What is required: Using the material below, repeat exactly the lines from the one with "यह लहंगा चोली" through the one with "レースブラウスはスパンコール", ends included, without any images.
START Source data
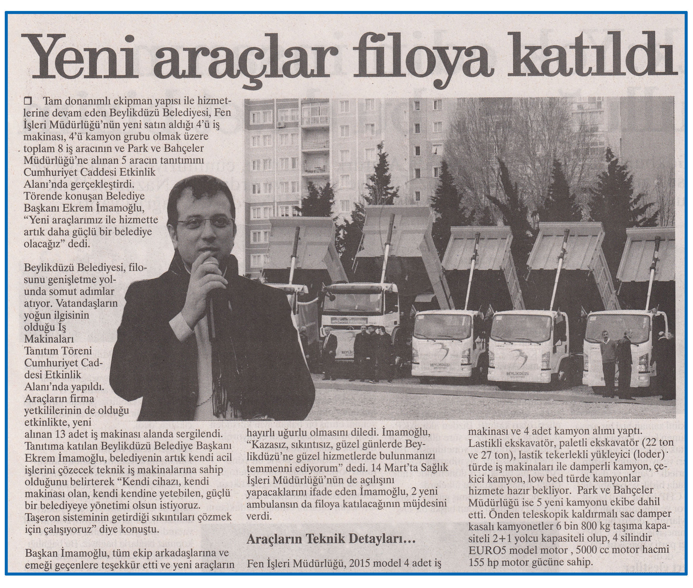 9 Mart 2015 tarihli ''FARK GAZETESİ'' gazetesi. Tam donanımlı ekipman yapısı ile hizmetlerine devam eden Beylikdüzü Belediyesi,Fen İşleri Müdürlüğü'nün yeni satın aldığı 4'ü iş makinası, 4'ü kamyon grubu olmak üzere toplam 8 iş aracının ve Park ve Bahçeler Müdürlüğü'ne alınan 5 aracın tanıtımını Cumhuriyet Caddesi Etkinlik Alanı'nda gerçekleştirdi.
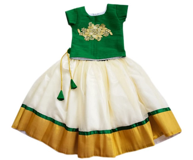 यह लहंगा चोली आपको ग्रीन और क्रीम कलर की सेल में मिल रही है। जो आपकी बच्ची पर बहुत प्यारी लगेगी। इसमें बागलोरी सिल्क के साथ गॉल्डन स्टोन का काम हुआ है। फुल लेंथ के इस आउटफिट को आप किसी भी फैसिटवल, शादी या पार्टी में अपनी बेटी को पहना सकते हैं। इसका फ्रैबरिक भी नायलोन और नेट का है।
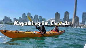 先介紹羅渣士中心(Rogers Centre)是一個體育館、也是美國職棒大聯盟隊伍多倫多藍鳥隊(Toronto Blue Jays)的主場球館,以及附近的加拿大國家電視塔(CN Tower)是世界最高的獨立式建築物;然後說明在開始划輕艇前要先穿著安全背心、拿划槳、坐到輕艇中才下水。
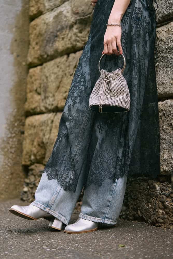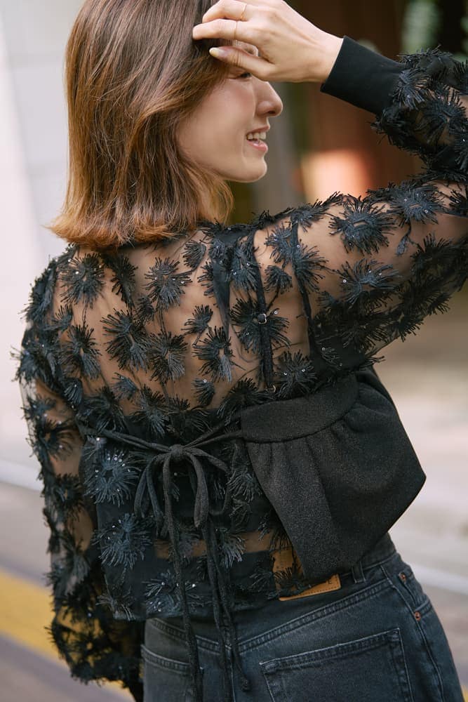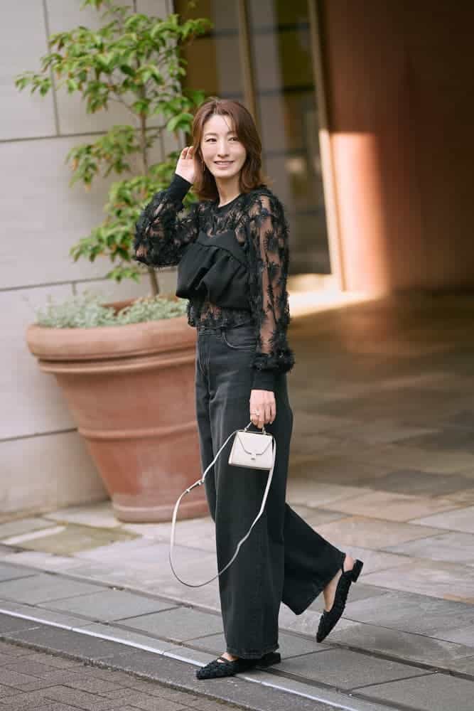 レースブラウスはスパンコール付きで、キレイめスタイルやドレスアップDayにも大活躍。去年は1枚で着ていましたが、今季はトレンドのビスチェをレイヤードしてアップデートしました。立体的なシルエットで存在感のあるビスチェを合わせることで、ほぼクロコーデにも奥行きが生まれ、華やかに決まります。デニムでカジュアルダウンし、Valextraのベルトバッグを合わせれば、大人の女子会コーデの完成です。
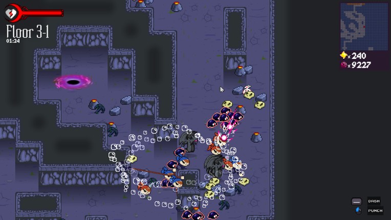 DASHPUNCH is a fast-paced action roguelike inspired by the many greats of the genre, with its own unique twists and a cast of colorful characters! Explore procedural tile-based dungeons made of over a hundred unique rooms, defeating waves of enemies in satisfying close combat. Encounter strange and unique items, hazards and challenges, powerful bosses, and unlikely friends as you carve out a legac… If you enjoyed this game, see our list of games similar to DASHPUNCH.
END Source data
START Source data
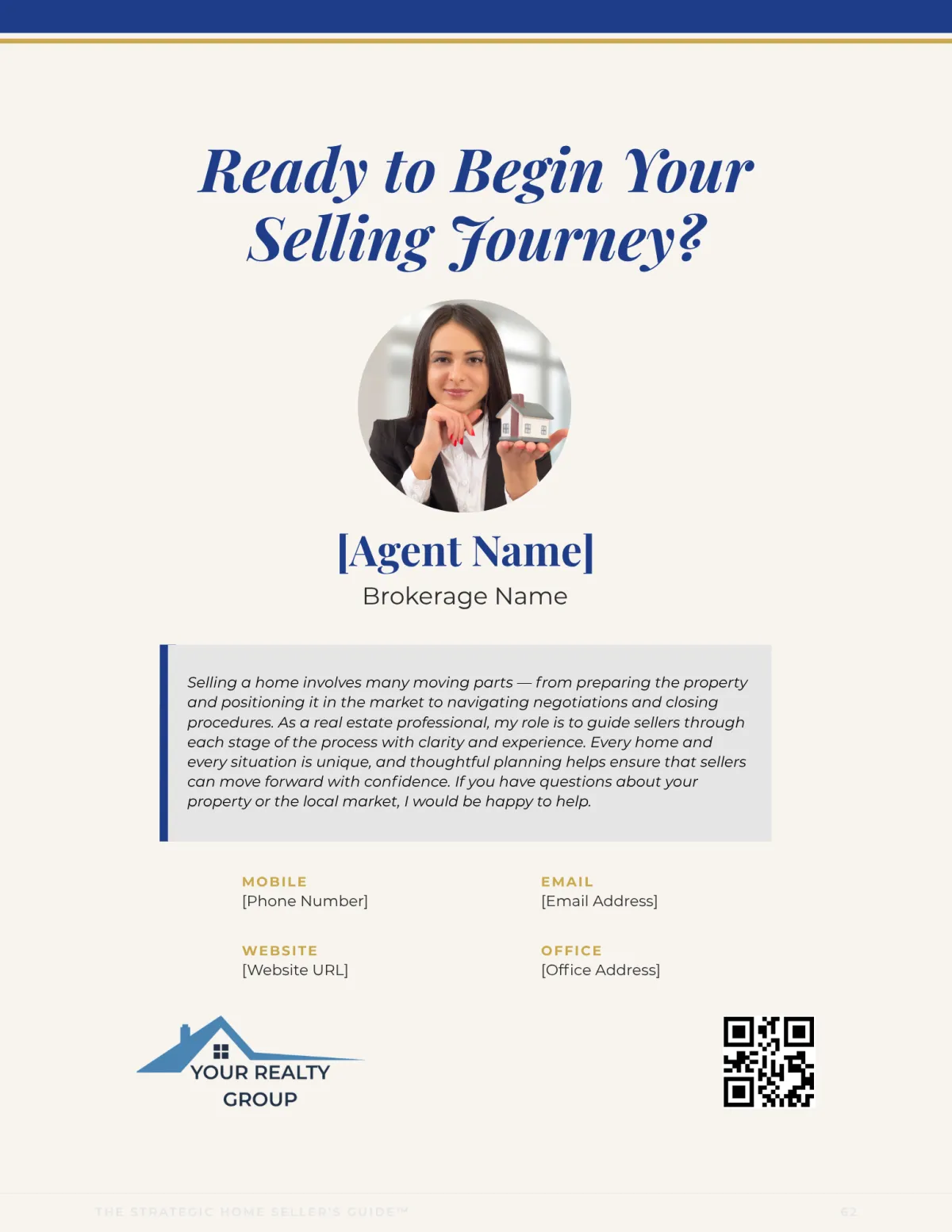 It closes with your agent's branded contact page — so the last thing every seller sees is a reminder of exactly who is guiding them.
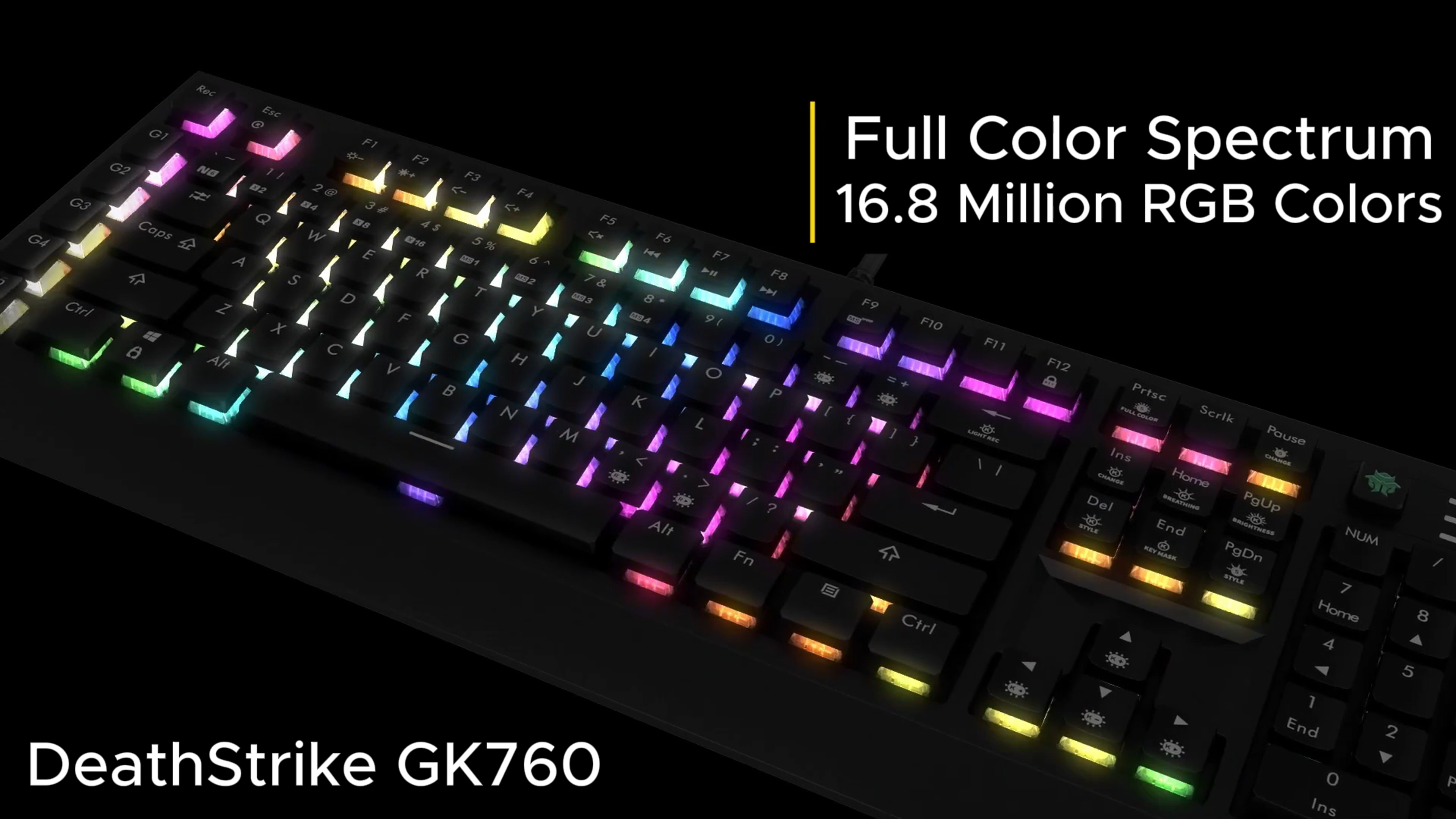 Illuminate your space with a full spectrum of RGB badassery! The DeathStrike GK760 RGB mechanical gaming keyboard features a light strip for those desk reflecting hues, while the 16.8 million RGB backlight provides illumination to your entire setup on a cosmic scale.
END Source data
Answer section:
 यह लहंगा चोली आपको ग्रीन और क्रीम कलर की सेल में मिल रही है। जो आपकी बच्ची पर बहुत प्यारी लगेगी। इसमें बागलोरी सिल्क के साथ गॉल्डन स्टोन का काम हुआ है। फुल लेंथ के इस आउटफिट को आप किसी भी फैसिटवल, शादी या पार्टी में अपनी बेटी को पहना सकते हैं। इसका फ्रैबरिक भी नायलोन और नेट का है।
 先介紹羅渣士中心(Rogers Centre)是一個體育館、也是美國職棒大聯盟隊伍多倫多藍鳥隊(Toronto Blue Jays)的主場球館,以及附近的加拿大國家電視塔(CN Tower)是世界最高的獨立式建築物;然後說明在開始划輕艇前要先穿著安全背心、拿划槳、坐到輕艇中才下水。
 レースブラウスはスパンコール付きで、キレイめスタイルやドレスアップDayにも大活躍。去年は1枚で着ていましたが、今季はトレンドのビスチェをレイヤードしてアップデートしました。立体的なシルエットで存在感のあるビスチェを合わせることで、ほぼクロコーデにも奥行きが生まれ、華やかに決まります。デニムでカジュアルダウンし、Valextraのベルトバッグを合わせれば、大人の女子会コーデの完成です。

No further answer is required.